The Comfort of Silence

by Emily Trama

Silence can be many things: peaceful, relaxing, comforting. However, silence can also be terrifying, stressful or even deafening. How can silence be deafening? We often try to fill silence when we look at it as a void. When we see a void, our instinct is to fill it, to flood it. We fill our ears with music, white noise, friends’ voices… anything to distance ourselves from the sound of nothing.

I think this is because silence is never truly pure; instead, it leaves our minds with no barricade of sound to block it from making us aware of our thoughts. So what do we do? We often want to rush through our lives and keep busy to avoid it. Now we are overwhelmed, deafened by our worries and anxieties over avoiding our stresses and anxieties.

Silence can pass the time just as much as the business we force ourselves into to avoid it. Think about all the times you drifted off, staring at something but fixated on nothing. When our vision blurs, and our gaze softens, so do our minds, and we begin thinking. Thinking is the origin of our aversion to silence. The fear that lies behind the mask of silence is the monster we have fabricated from our fear of thinking. Being left alone with our thoughts is what truly strikes us with grief. When we are afraid of our thoughts, we are afraid of ourselves, and there is no health, growth or prosperity in that. 

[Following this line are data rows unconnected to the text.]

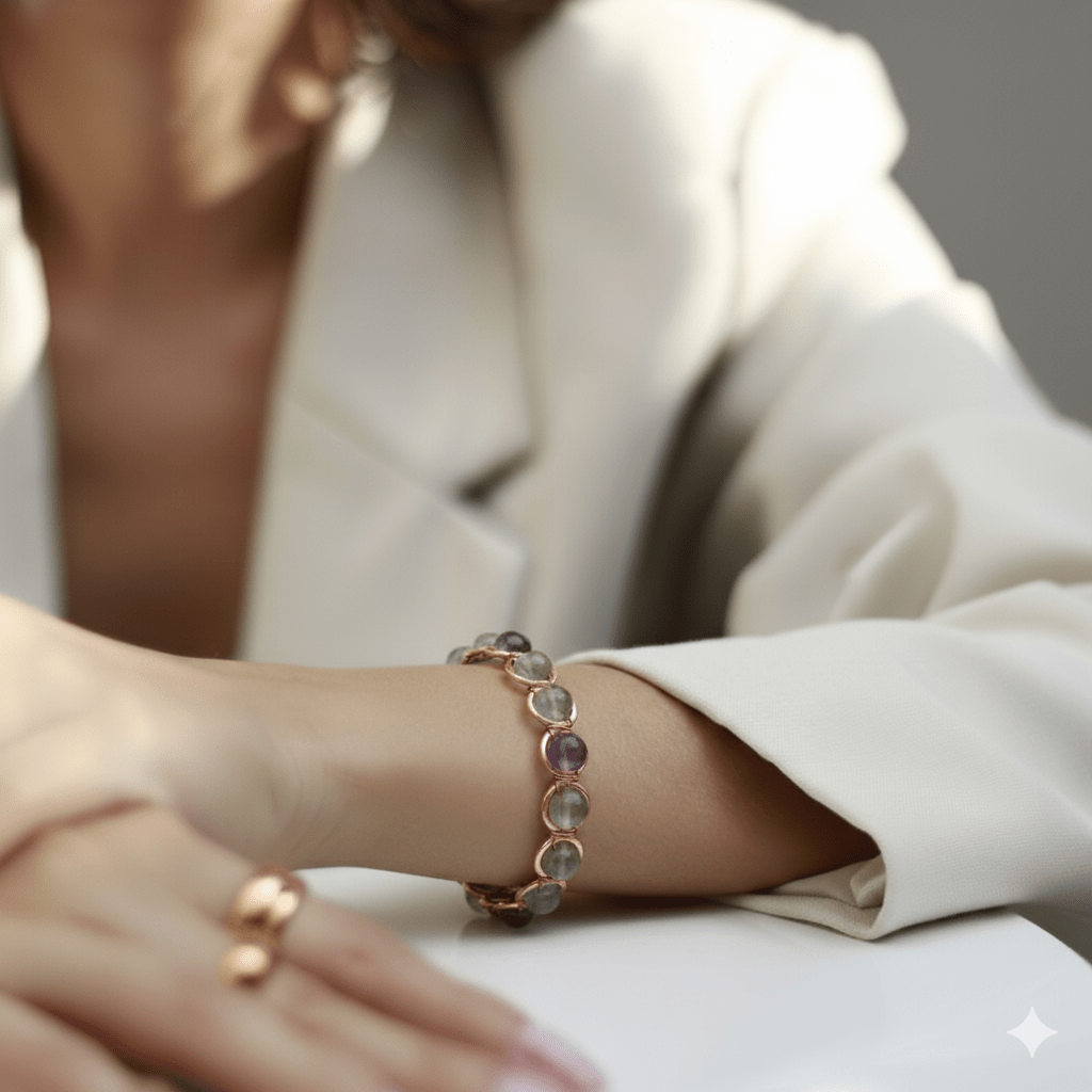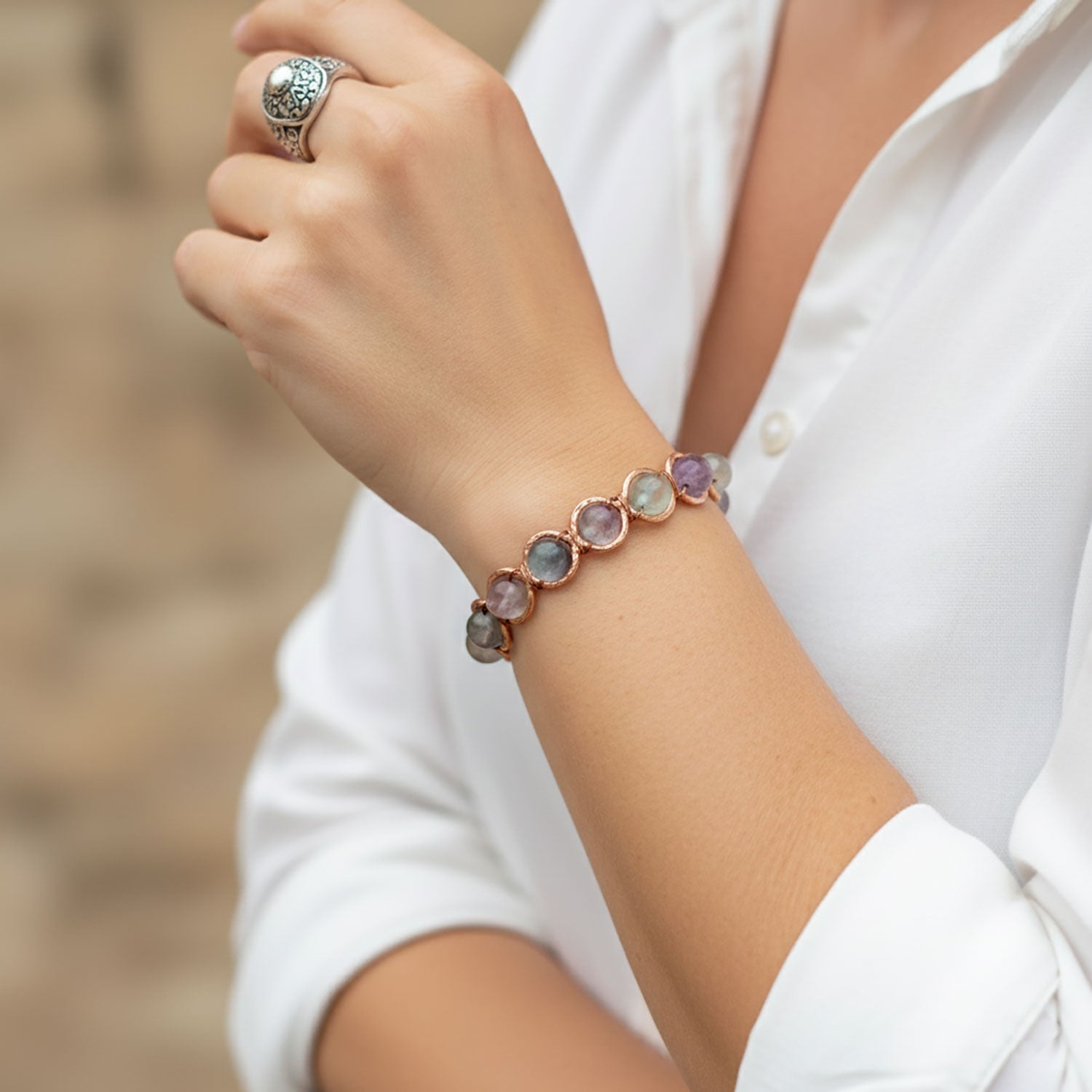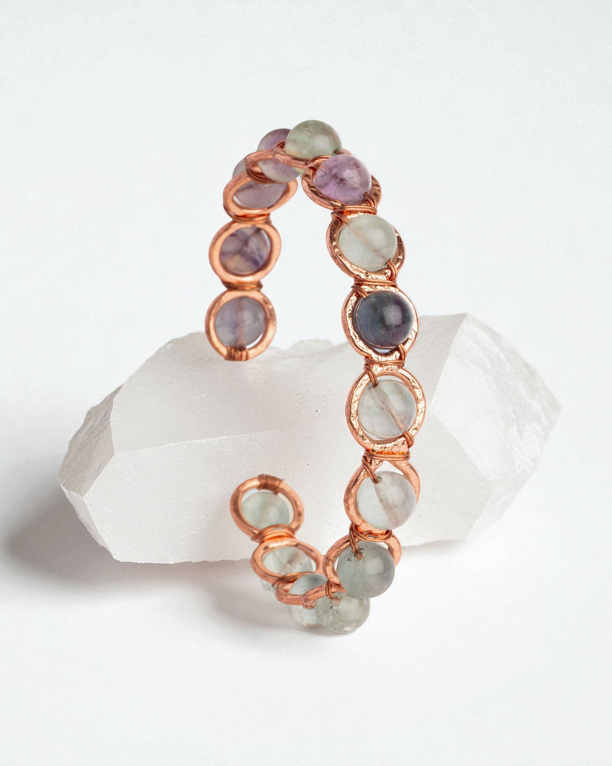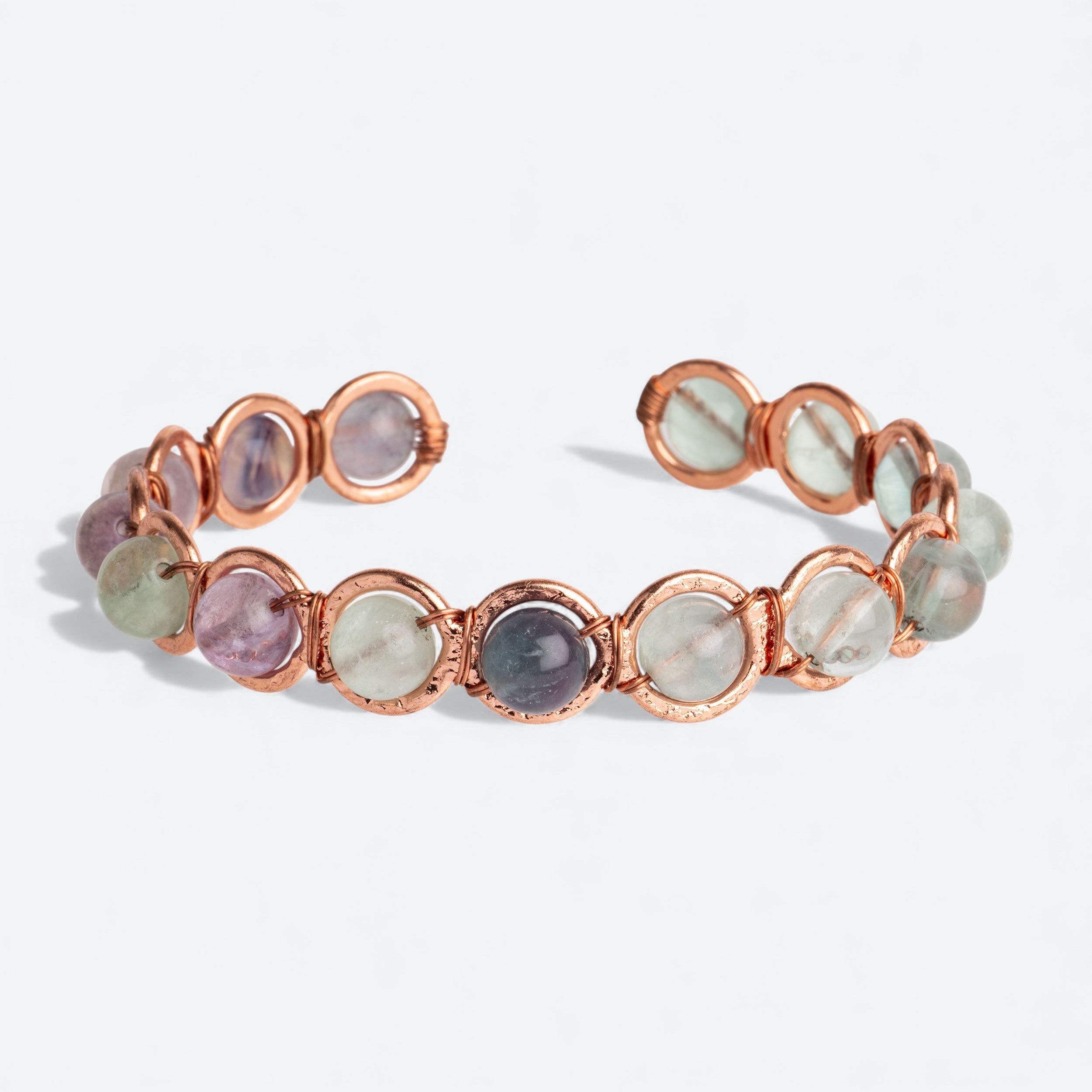 Een verfijnde, handgemaakte armband van warm koper met ronde fluorietstenen van 8 mm. De natuurlijke schakeringen van groen, paars en helder kristal geven elke armband een unieke uitstraling. Fluoriet brengt rust in je gedachten en helpt je focus te bewaren; het koper versterkt deze energie en ondersteunt de natuurlijke doorstroming van het lichaam.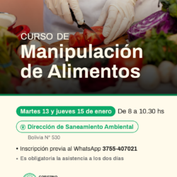 Desde el Gobierno de la Ciudad de Oberá, invitan a la comunidad en general, a participar del taller de Manipulación Segura de alimentos que se brindará el martes 13 y jueves 15 de enero en el horario de 8 a 10:30 horas en la Dirección de Saneamiento Ambiental, sobre calle…
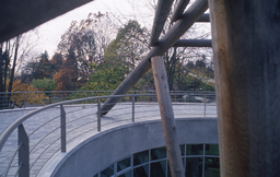 The Pit House structure as seen from the upper centre. The posts extend down in a design inspired by the pit house structures used as winter dwellings by the Interior Salish.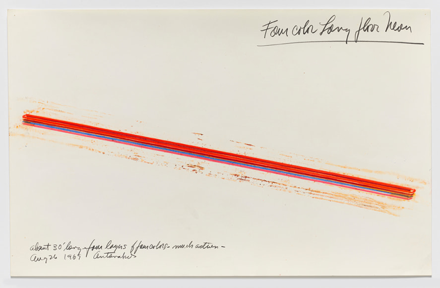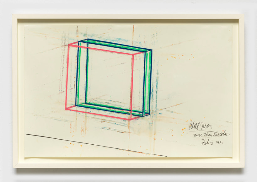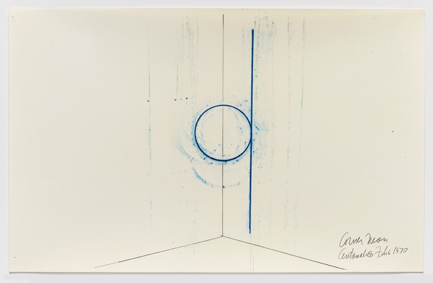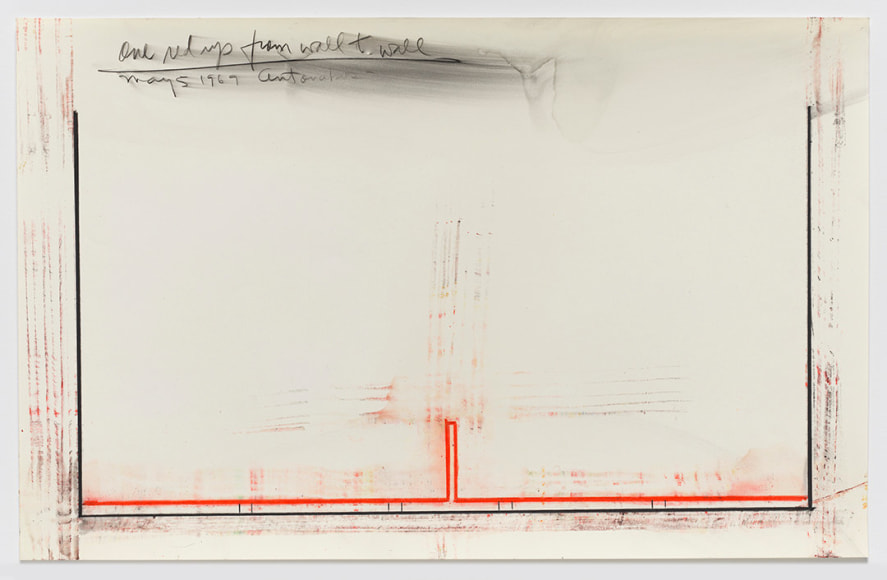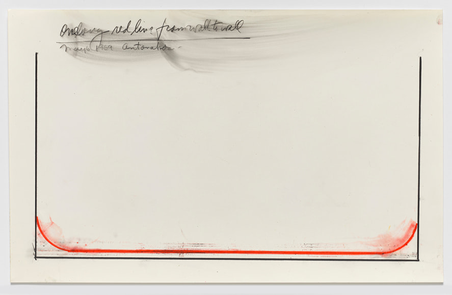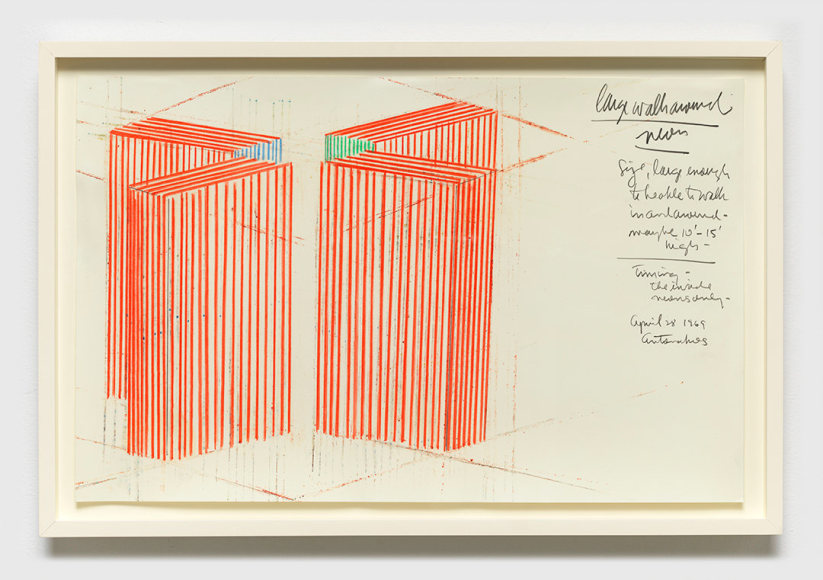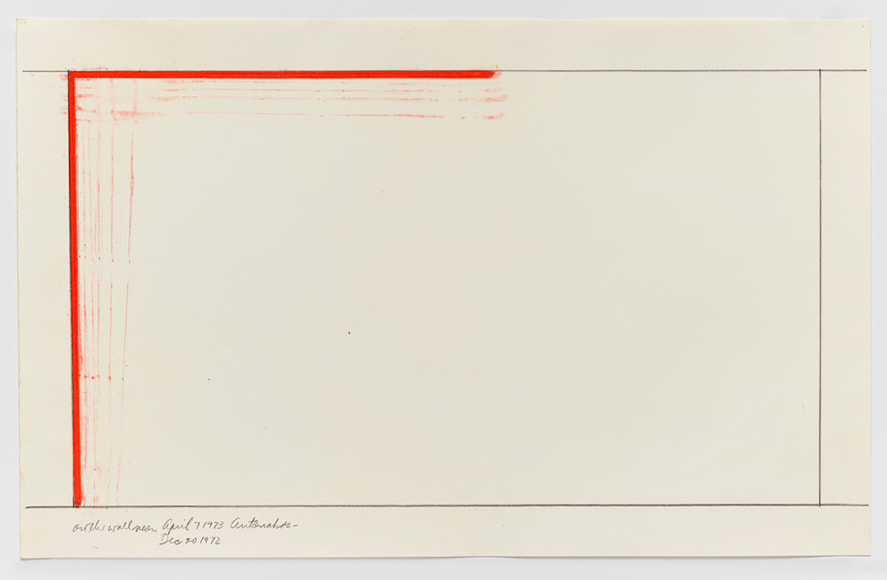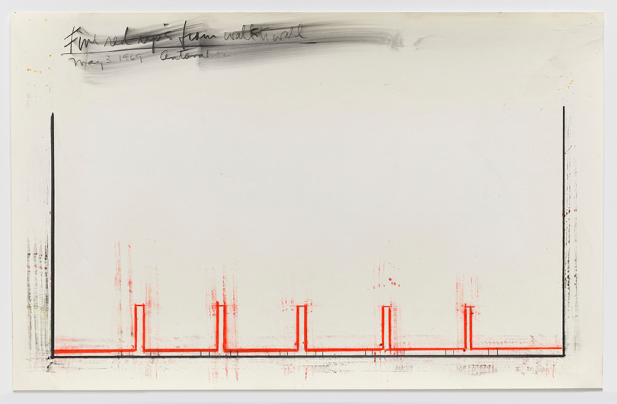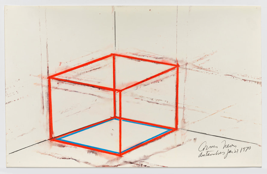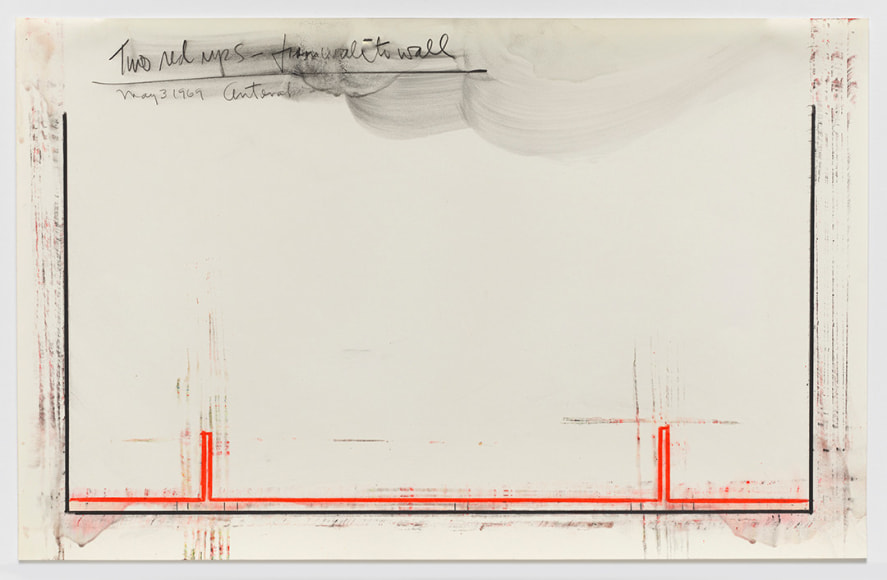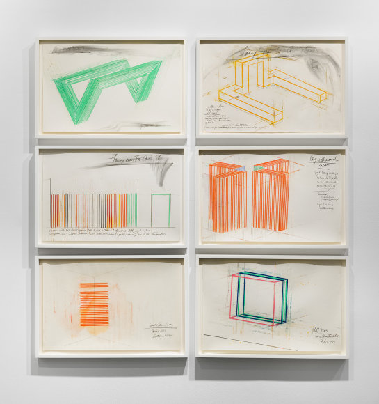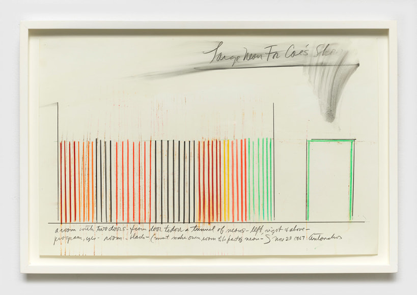 The exhibition offers approximately 50 Project Drawings and one model for a red and yellow Neon Wall from c. 1967.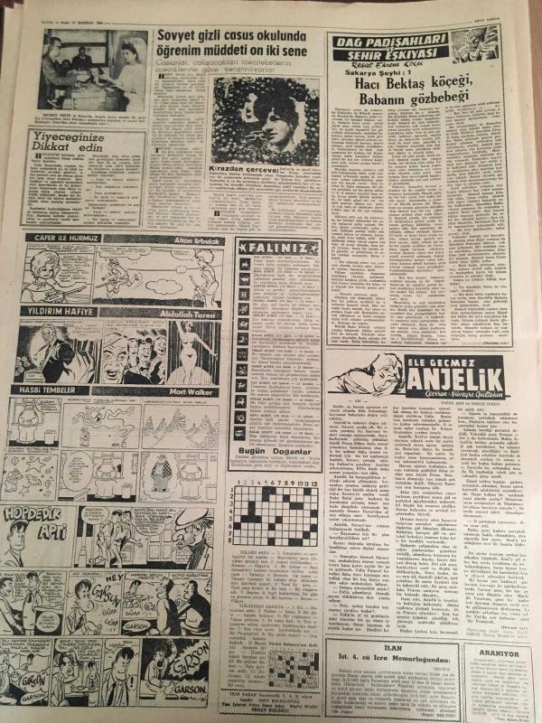 YENİ SABAH GAZETESİ 17 HAZİRAN 1962 YIL :25 SAYI :8354--Koalisyon liderleri dün toplandı --CKMP Milli Koalisyonu Tercih Ediyor --Mevsim işsizliği had safhaya vardı --Tekel işçileri mezarlıkta bir basın toplantısı yaptı --Sahte dekontlarla para çeken yakalandı --İlk kademe af 29 Ekimde çıkıyor --Muhalif Hasbi Bey :Siyavuşgil --Sinemalar :Marsist ,Emek :Gizli Münasebetler ,İnci Satın Alınan Adam ,Konak :Aşk Oyunları ,Saray :Kahraman Kardeşler --De Gaulle 'e yeni bir suikast teşebbüsü --Sovyet gizli casus okulunda öğrenim müddeti on iki sene ---Vefa Baraj 'a Düştü --Galatasaray Şampiyon --Güreş kafilesi bu akşam gidiyor ----Napoli Can 'ı almak istiyor --, SAFA KILIÇLIOĞLU: tarafından kaleme alınmıştır. Kitap 1962 yılında [YENİ SABAH MATBAA] o ISBN kodu ile yayınlanmıştır. 8 sayfadır. YENİ SABAH GAZETESİ 17 HAZİRAN 1962 YIL :25 SAYI :8354--Koalisyon liderleri dün toplandı --CKMP Milli Koalisyonu Tercih Ediyor --Mevsim işsizliği had safhaya vardı --Tekel işçileri mezarlıkta bir basın toplantısı yaptı --Sahte dekontlarla para çeken yakalandı --İlk kademe af 29 Ekimde çıkıyor --Muhalif Hasbi Bey :Siyavuşgil --Sinemalar :Marsist ,Emek :Gizli Münasebetler ,İnci Satın Alınan Adam ,Konak :Aşk Oyunları ,Saray :Kahraman Kardeşler --De Gaulle 'e yeni bir suikast teşebbüsü --Sovyet gizli casus okulunda öğrenim müddeti on iki sene ---Vefa Baraj 'a Düştü --Galatasaray Şampiyon --Güreş kafilesi bu akşam gidiyor ----Napoli Can 'ı almak istiyor -- adlı eser Türkçe dilindedir.

All of our thoughts are organic, homegrown in our own minds. Even the ones we try to force come with the full awareness that we are making ourselves say that in our minds. They bubble up to the surface for a reason. Imagine yourself in a room with no windows or doors and picture each of your thoughts written on their own pieces of paper. Now, imagine taking the first thought, crumpling it up and throwing it into the corner of the room. If you keep doing that for every thought that comes in front of you, what will happen? Eventually, balls of paper will fill the room and you will have nowhere to go. You are then forced to deal with all of the thoughts at once. You could have done this one at a time when the thoughts came to you in the first place.

When everything is silent, and we are left with no important tasks, conversations or work, we are supposed to find time to deal with our thoughts. Maybe now and then, a small pile builds up in the corner when we need to be busy and distracted from paying attention to them. But, when a wave of no sound comes along, we must ride it and recognize, understand and appreciate our thoughts. When there is no sound around me, I should not ignore the sound within. 

What are you thinking about? We learn a lot about ourselves in these moments: what brings us pain, pleasure, anxiety, elation, depression, happiness, anger, love… Now find your breath. We always come back to the breath to keep ourselves from over-thinking. It is like a pause in a sentence to keep us from becoming overwhelmed with a story. Many of us, including myself, fear silence and thinking because we know we are our own worst enemies. We know that we will think a little, maybe even enjoy the short bliss, but will eventually begin to pick those thoughts apart past their core meaning and twist it around until it is no longer true to ourselves. Remember: Nowhere to go, nothing to do. Just breathe.

In moments of silence, find somewhere to lay or sit comfortably. Close your eyes and allow your mind to wander. Keep your breath steady and present, but somewhat shallow. Allow your thoughts to surface softly; if a thought is too painful, move on but keep it close by for a later time. Allow the thoughts to drift in and out as they please until you are no longer comfortable. Take a break for a minute, hour, day or week, but continue until silence becomes a comfort rather than a last resort.

Being comfortable in silence is not easy. It is something we learn how to do on our own will to better our quality of life. In the end, we are our thoughts and that is something we will always be. We must take care of them so we can take care of ourselves. Recognize yourself, understand yourself and appreciate yourself.